Thanks to the warning methods and hence the reduced number of sprayings, the phenomenon did not appear in Cameroon and Côte d’Ivoire for 10 or even 15 years of use of the fungicides to control Black Sigatoka.

In Guadeloupe and Martinique, the problems started to appear with control of Yellow Sigatoka after 20 or even 30 years of rational use of these fungicides using warning methods.

black sigatoka 1
black sigatoka 1
black sigatoka
black sigatoka

New essential control methods

Present control strategies cannot be used indefinitely. The European legislation in force in the French West Indies makes it technically impossible to use rational control strategies based on the alternation of several active substances with different modes of action. Only two fungicides in the triazole family can currently be used for aerial spraying.

A strobilurin fungicide and another in the morpholin group received marketing authorisations at the end of 2008, but they are not used to control Sigatoka diseases as the authorisation is accompanied by a 100-metre unsprayed buffer zone and this is incompatible with aerial spraying.

Actions can be envisaged to address this problem of regulations, such as reducing the buffer zone to 50 metres, using land-based sprayers and technical developments to reduce the drift of fungicide sprays, the registration of new systemic fungicides, requests for derogations, etc. — but the legislation may well become increasingly restrictive in the future.

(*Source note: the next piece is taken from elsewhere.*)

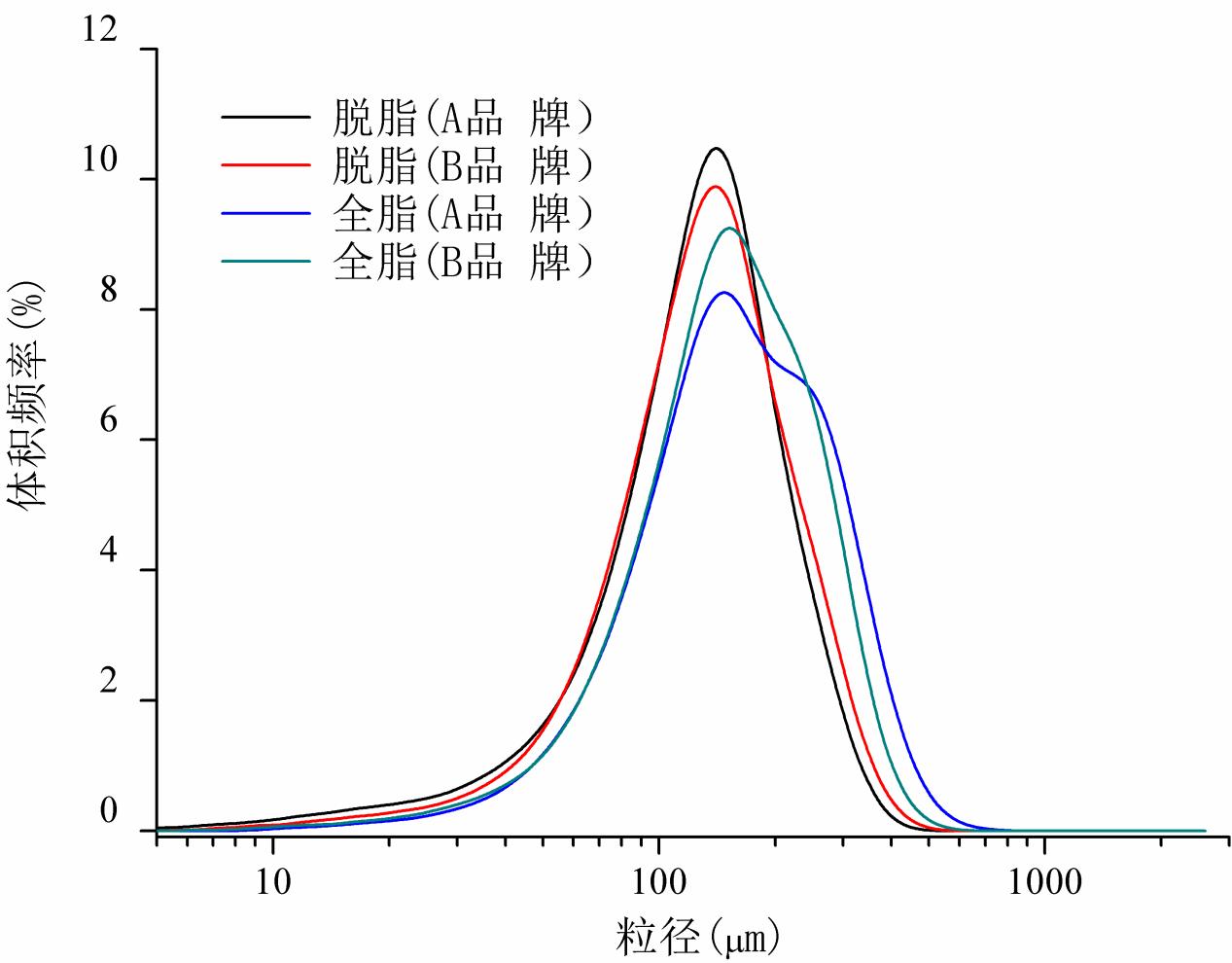 在乳粉的生產(chǎn)過程中,使用激光粒度儀能精確地評(píng)估乳粉的粒度。本文通過選擇不同品牌(A品牌和B品牌)的脫脂乳粉和全脂乳粉,考察乳粉脂肪含量的差異對(duì)乳粉粒度分布的影響。

The feasibility of the implementation of rational control is based on the status of the fungal strains with regard to curative fungicides. If the strains are (see status of invasive strains) or become resistant to these fungicides (see risks of the rapid mutation of M. fijiensis), this will irremediably compromise the implementation of such strategies.

Other methods must therefore be sought to control or regulate Black Sigatoka. Breeding new hybrid varieties with lasting resistance and good agricultural and organoleptic potential is a component of integrated management to be favoured for the control of Black Sigatoka.

These varieties must be incorporated in innovative, sustainable cropping systems that also include cultural control methods (optimum plant management, rational inoculum management using mechanical cleansing techniques, etc.) that will thus make it possible to reduce the negative environmental impacts of commercial plantations and in particular reduce the application of pesticides.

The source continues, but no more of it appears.